ACTIVITY:
Only the lines from the one containing "Lladro Bisque Figurine" through the end of the data are wanted, reproduced exactly and without pictures.

----------

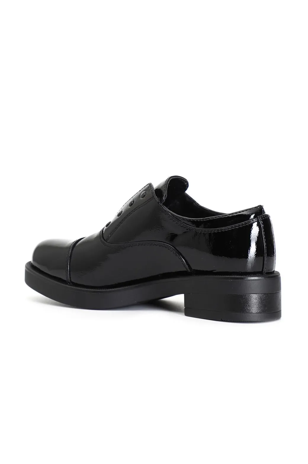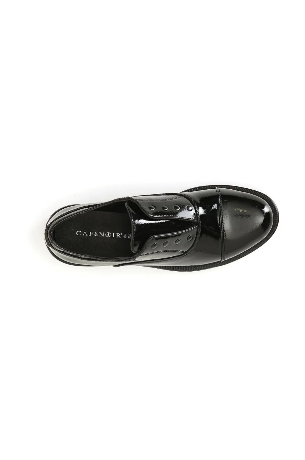 Francesina da donna in similpelle effetto vernice con elastico centrale e borchie. il soletto è in pelle.
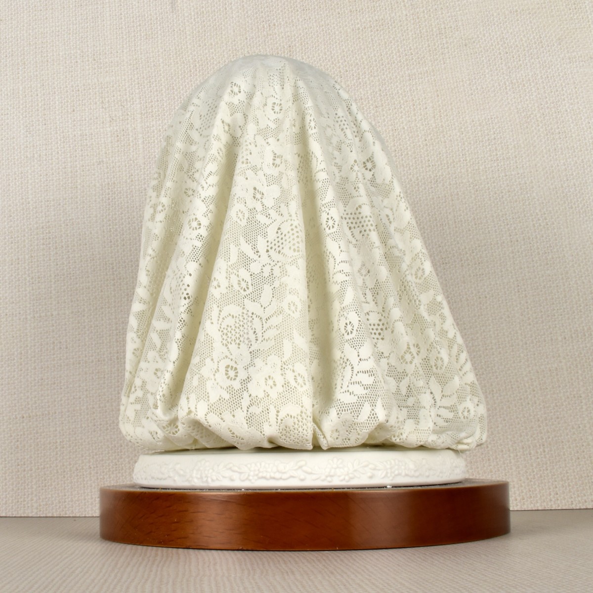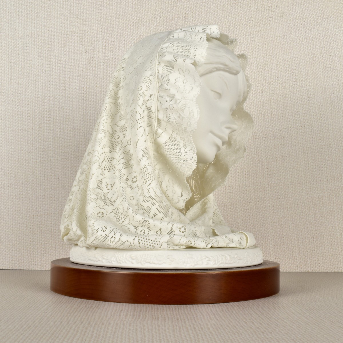 Lladro Bisque Figurine of a Lady's Bust with a Fine Lace Veil. Properly marked on the bottom and dated "1987". Overall with base measures: 9-1/2" H, 6-1/2" W, 7" D. Condition: Good conditon. Very minor pieces missing to the back of the veil. Estimate: $300.00 - $400.00 Domestic Shipping: Third party.
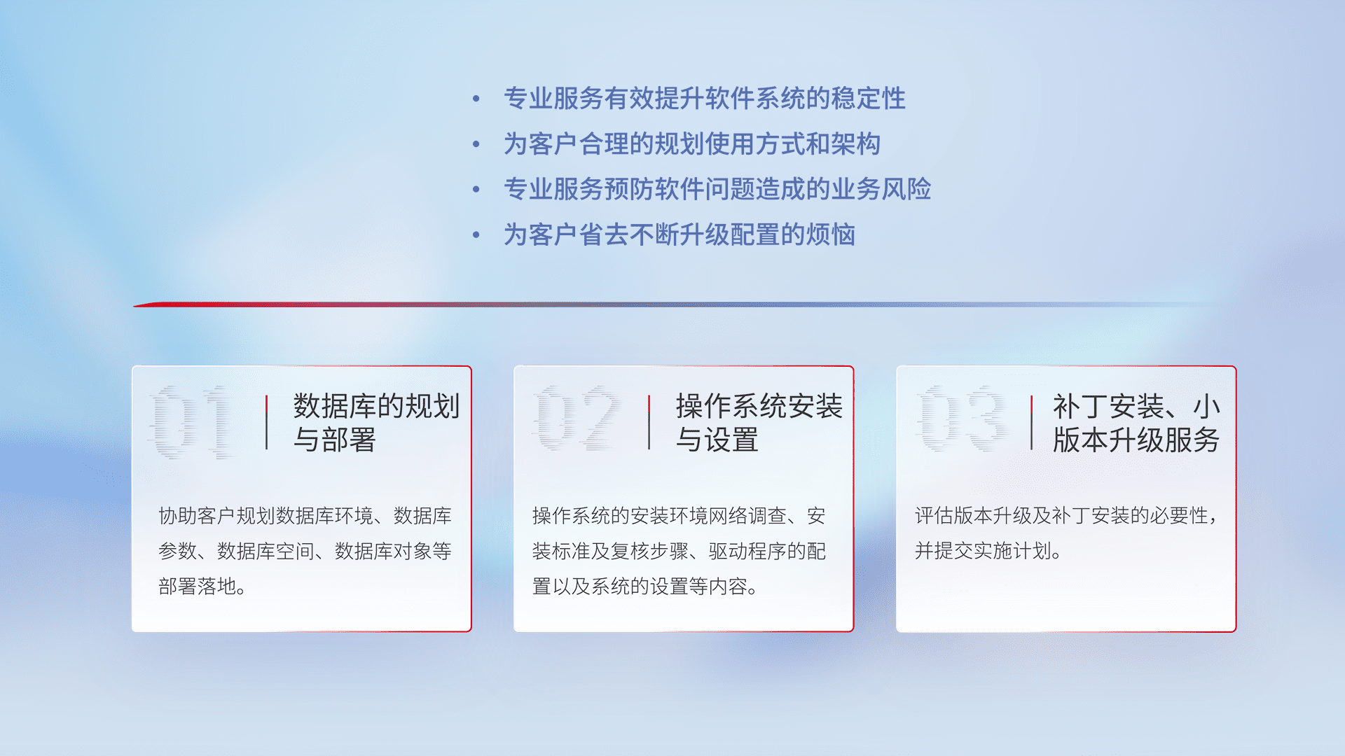 为客户提供软件规模升级、、、快速部署、、、、按需配置的专业服务,,,从数据库的规划与部署到操作系统的安装与设置,,再到补丁安装和小版本升级提供支持。。。。
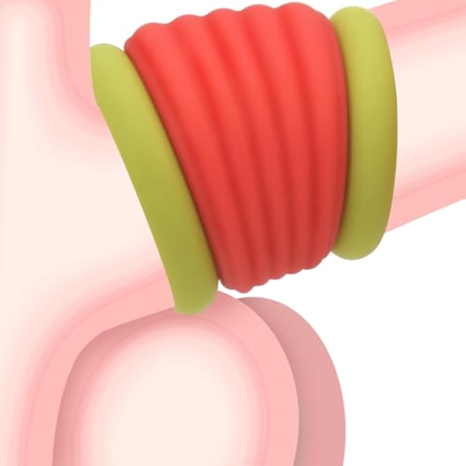 Double Penis Ring For Men - Green + Red Silicone Cock Ring For Harder Longer Stronger Erections - Erection Enhancing Sex Toy
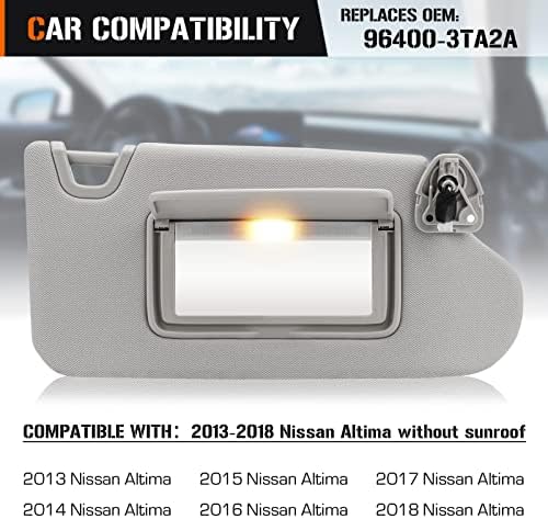 Feature Mirror Built-in Led Light Color Gray Replaces OEM 96400-3TA2A Material ABS, High-quality Stretch Cotton Size 15.91″ x 7.17″ x 2.24″, weighs 1.43 BL Package 1 X Right Passenger Side Sun Visor
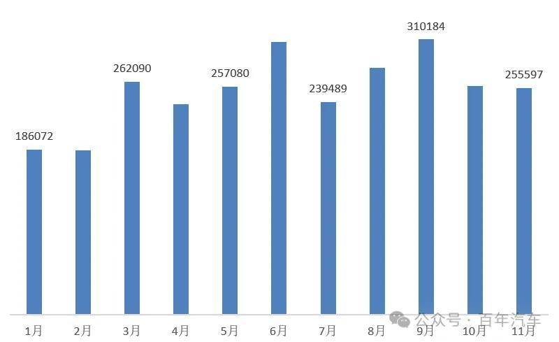 1、1-11月新能源汽车销量走势
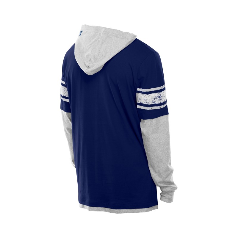 - Team graphic printed at center chest with distressed details
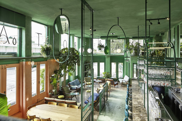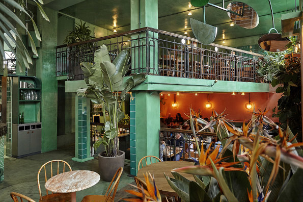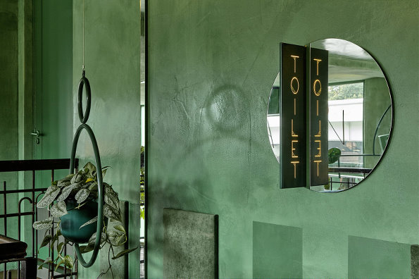 解讀一下,這種熱帶雨林的元素來自于幾個方面,綠色、植物、叢林感以及精心的布置布局。層高帶來的透亮,像叢林上方照進的陽光,似有似無,隨著日光的方向而變化,天花板上的鏡子反射出風景,看到有趣的異世界。

----------

TASK OUTPUT:
 Lladro Bisque Figurine of a Lady's Bust with a Fine Lace Veil. Properly marked on the bottom and dated "1987". Overall with base measures: 9-1/2" H, 6-1/2" W, 7" D. Condition: Good conditon. Very minor pieces missing to the back of the veil. Estimate: $300.00 - $400.00 Domestic Shipping: Third party.
 为客户提供软件规模升级、、、快速部署、、、、按需配置的专业服务,,,从数据库的规划与部署到操作系统的安装与设置,,再到补丁安装和小版本升级提供支持。。。。
 Double Penis Ring For Men - Green + Red Silicone Cock Ring For Harder Longer Stronger Erections - Erection Enhancing Sex Toy
 Feature Mirror Built-in Led Light Color Gray Replaces OEM 96400-3TA2A Material ABS, High-quality Stretch Cotton Size 15.91″ x 7.17″ x 2.24″, weighs 1.43 BL Package 1 X Right Passenger Side Sun Visor
 1、1-11月新能源汽车销量走势
 - Team graphic printed at center chest with distressed details
 解讀一下,這種熱帶雨林的元素來自于幾個方面,綠色、植物、叢林感以及精心的布置布局。層高帶來的透亮,像叢林上方照進的陽光,似有似無,隨著日光的方向而變化,天花板上的鏡子反射出風景,看到有趣的異世界。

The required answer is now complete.